Mallory gets a hold of all of the rows in the database. Perhaps she did it through a SQL injection attack, or maybe with a little social engineering.3 Everything is supposed to remain secure: Mallory only has the ciphertexts, but she doesn’t have the secret key.

Mallory wants to figure out what Alice’s record says. For simplicity’s sake, let’s say there’s only one ciphertext block. That means Alice’s ciphertext consists of an IV and one ciphertext block.

Mallory can still try to use the application as a normal user, meaning that the application will encrypt some data of Mallory’s choosing and write it to the database. Suppose that through a bug in the server, Mallory can predict the IV that will be used for her ciphertext. Perhaps the server always uses the same IV for the same person, or always uses an all-zero IV, or…

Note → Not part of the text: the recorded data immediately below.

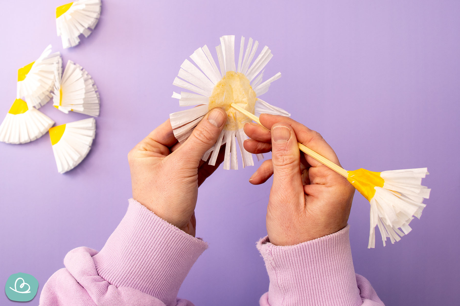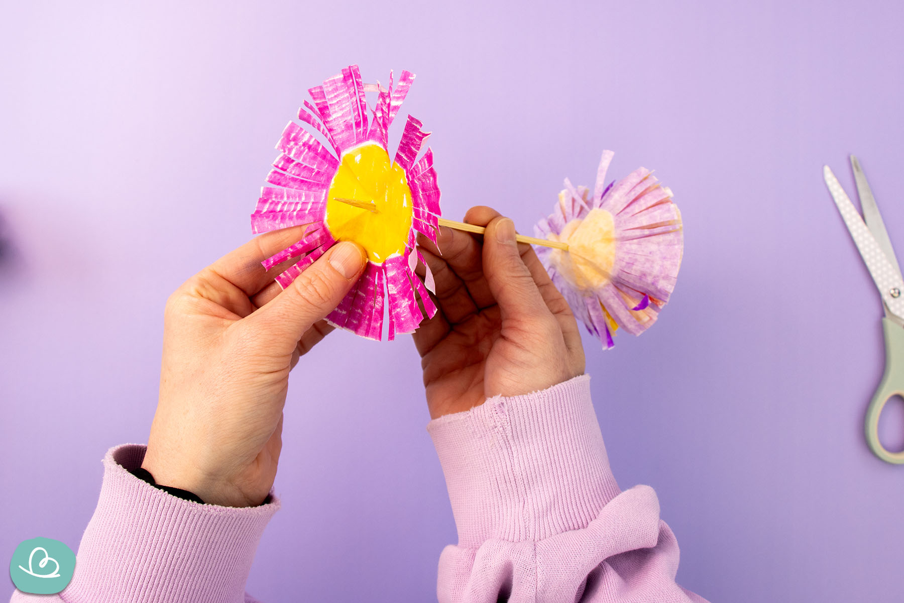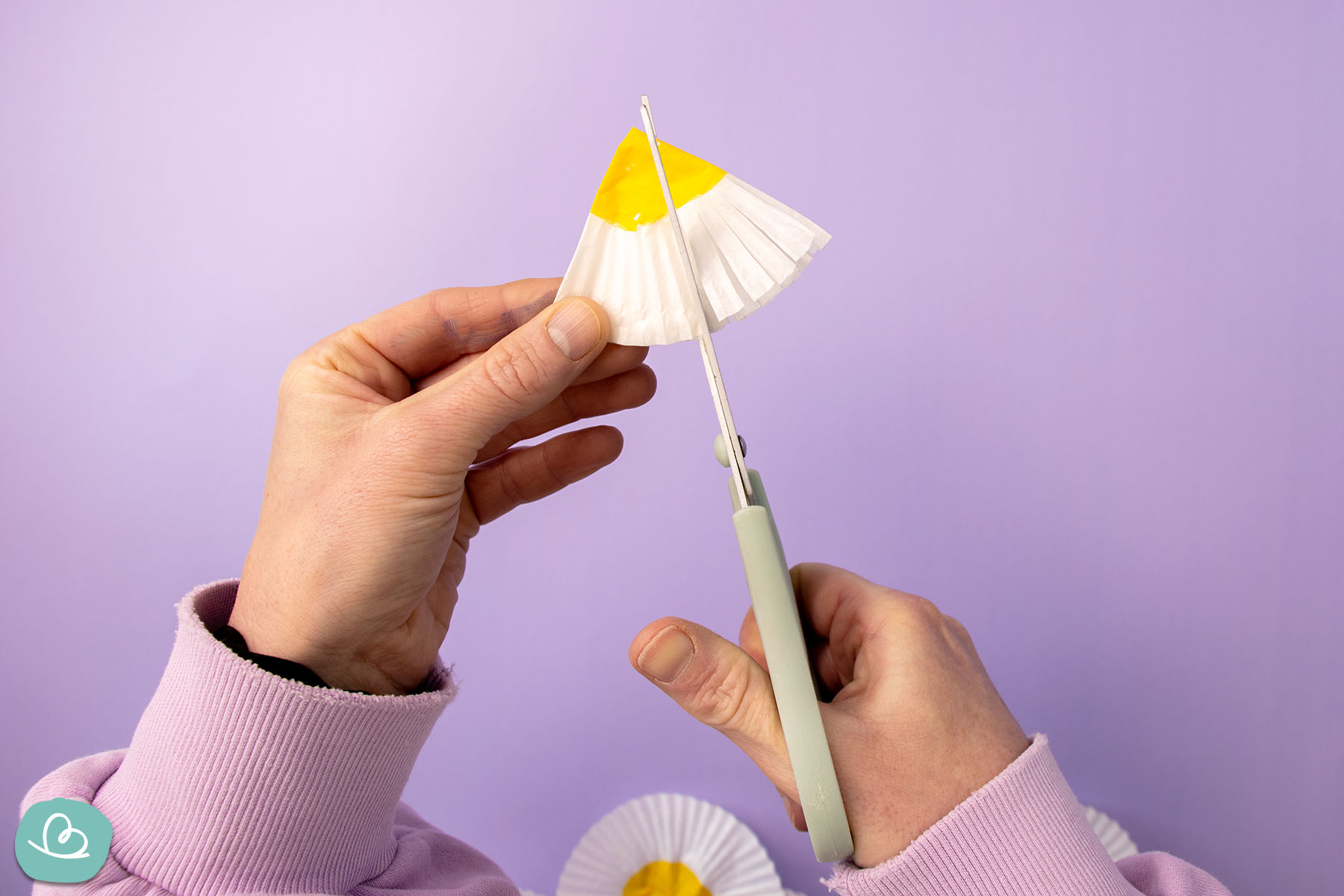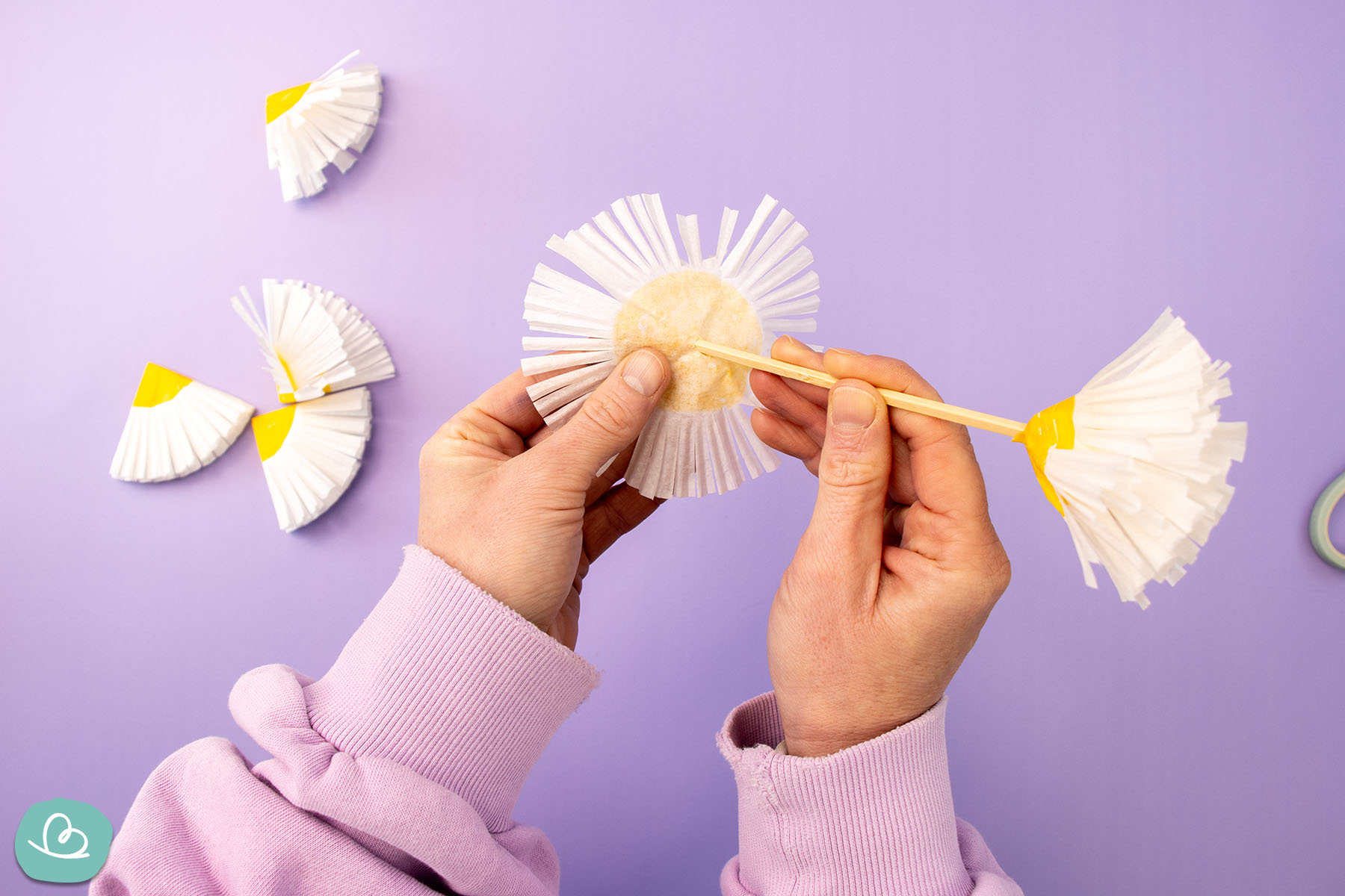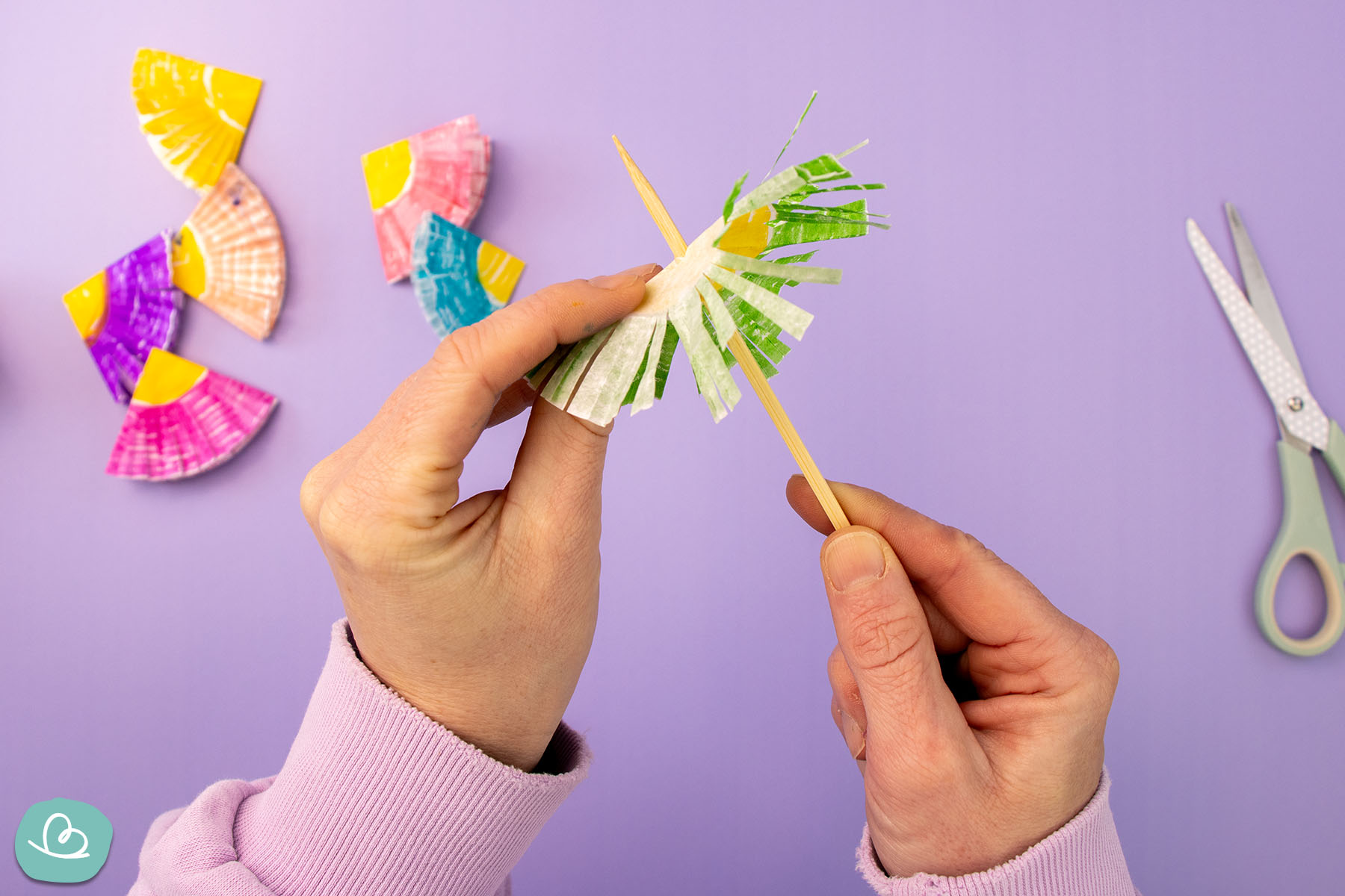 Nun die Förmchen auseinanderfalten und das erste Muffinförmchen mit der farbigen Seite nach außen auf das Holzstäbchen schieben. Lasse ca. 2 cm überstehen und klebe das Förmchen mit Heißkleber fest. Während der Kleber fest wird, faltest du das eingeschnittene Papier, um das Holzstäbchen.
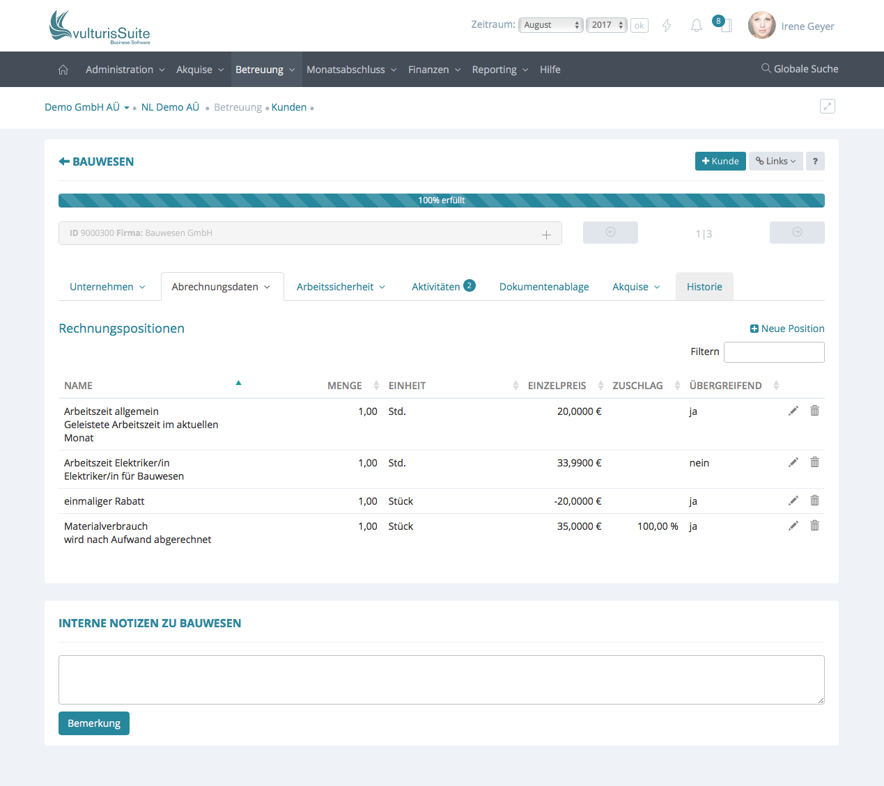 < zurück: Abrechnungsdaten – Rechnungsvorgaben
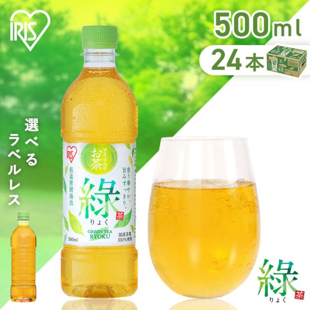 ★クーポンあり★ ラベルレス登場!お茶 緑茶 ペットボトル 500ml 24本 りょく 国産 茶葉 100%使用 まとめ買い ケース 箱 旨み すっきり ほどよい 甘み 飲みやすい 食事 低温密閉抽出 香り華やか 朝 スッキリ 日本茶 アイリスオーヤマ アイリスフーズ 緑
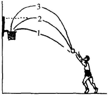 投篮时,球飞行的抛物线,应既便于控制球的路线,又适合命中篮的角度为原则,如图5-3。

Mallory can construct her plaintext using Alice’s IV \(IV_A\) (which Mallory can see) and her own predicted IV \(IV_M\). She makes a guess \(G\) as to what Alice’s data could be. She asks the server to encrypt:

\[P_M = IV_M ⊕ IV_A ⊕ G\]

The server dutifully encrypts that message using the predicted IV \(IV_M\). It computes:

\[\begin{aligned} \begin{aligned} C_M & = E(k, IV_M ⊕ P_M) \\ & = E(k, IV_M ⊕ (IV_M ⊕ IV_A ⊕ G)) \\ & = E(k, IV_A ⊕ G) \end{aligned} \end{aligned}\]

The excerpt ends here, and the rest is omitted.